Showcase Relevant Experience: In your CV, emphasise your demonstrable experience in delivering red or purple team engagements. Include specific examples of past projects where you planned and executed operations against large-scale organisations.
Highlight Technical Skills: Make sure to list your proficiency with modern red team infrastructure and frameworks, such as Cobalt Strike or Mythic. Mention any custom tooling you’ve developed and your understanding of Active Directory and Azure AD internals.
Express Your Curiosity and Creativity: JUMPSEC values curiosity and creativity, so don’t hesitate to mention any unique approaches you’ve taken in past roles. Discuss how you think like an attacker and document like a consultant, showcasing your ability to communicate effectively.
How to prepare for a job interview at Jumpsec Limited
✨Showcase Your Technical Skills
Be prepared to discuss your experience with red team operations and the specific tools you've used, such as Cobalt Strike or custom C2 frameworks. Highlight any scripting languages you are fluent in, like PowerShell or Python, and be ready to demonstrate your understanding of cloud environments and Active Directory.
✨Demonstrate Problem-Solving Abilities
During the interview, focus on how you've tackled complex security challenges in the past. Share specific examples of campaigns you've led or participated in, detailing your thought process and the outcomes. This will show your ability to think like an attacker and approach problems creatively.
✨Understand the Company Culture
Familiarise yourself with JUMPSEC's values and culture before the interview.
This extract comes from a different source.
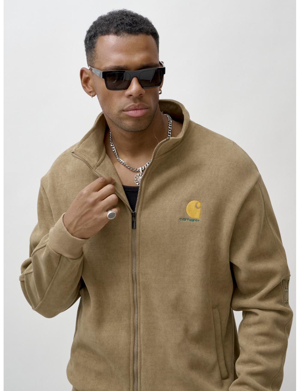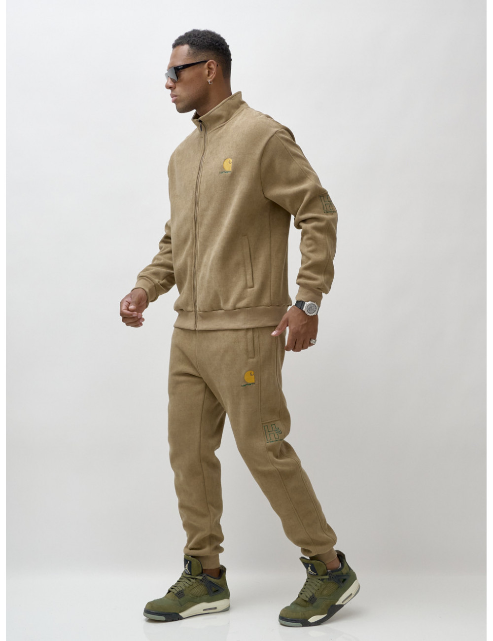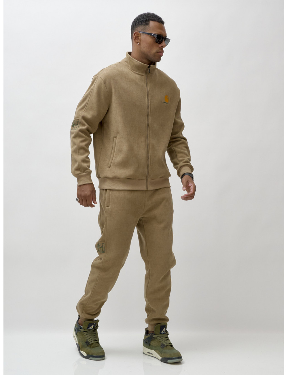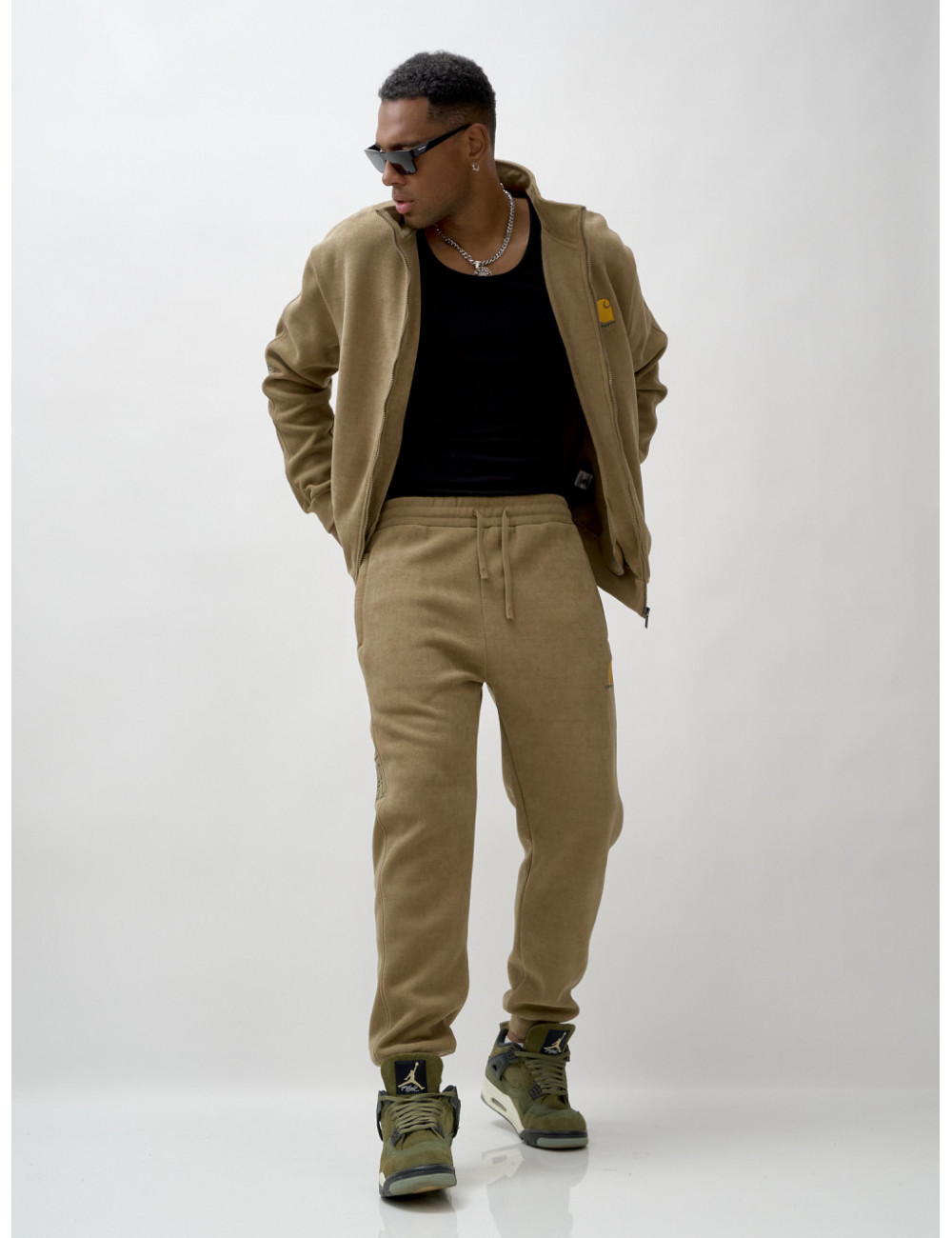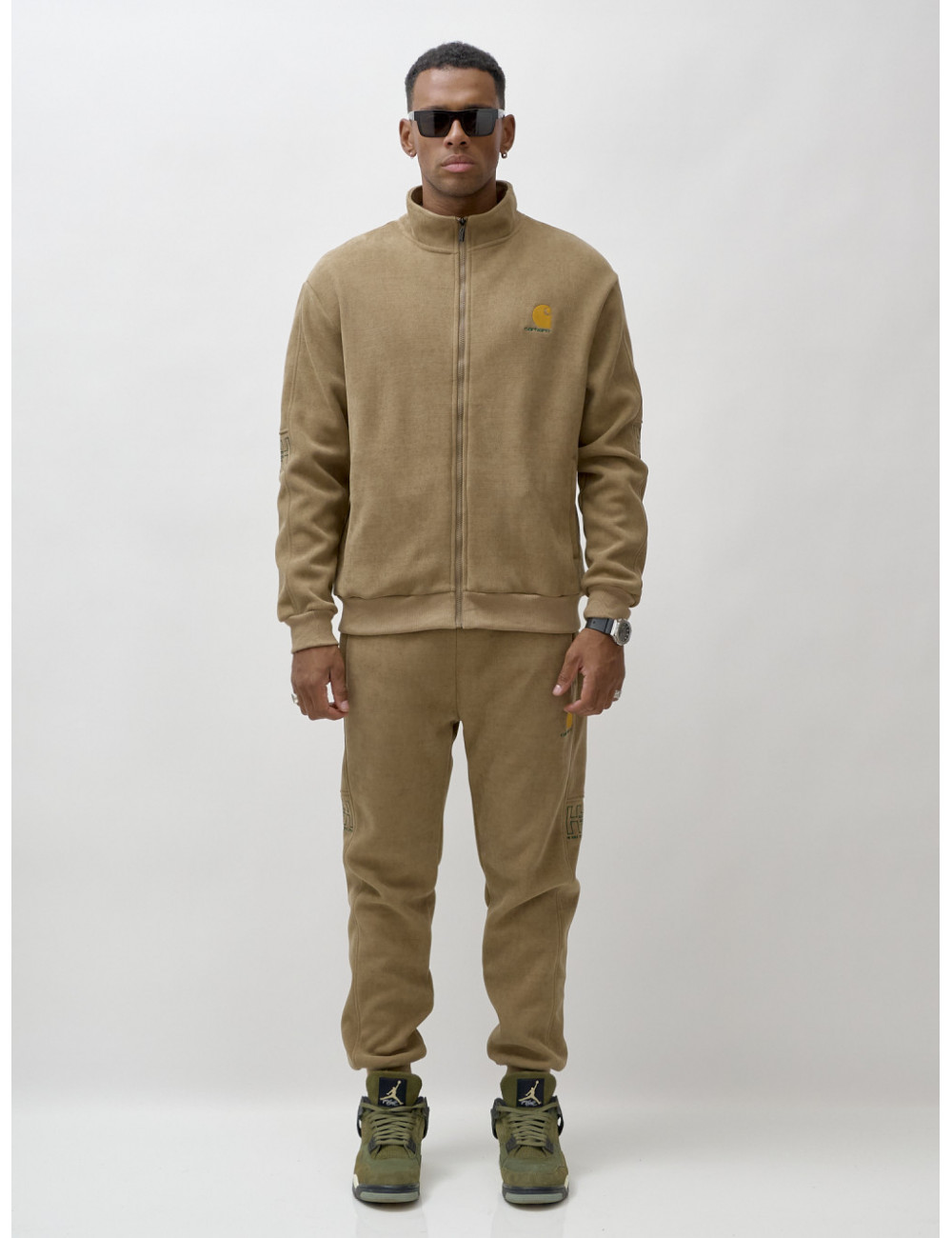 Мужской демисезонный спортивный костюм коричневого цвета на флисе

They value diversity, creativity, and a supportive environment. Be ready to discuss how your background and experiences align with their mission to create a safer digital world.
✨Prepare Questions for the Interviewers
Have a list of insightful questions ready to ask your interviewers. This could include inquiries about their current projects, team dynamics, or how they approach threat intelligence. Asking thoughtful questions demonstrates your genuine interest in the role and the company.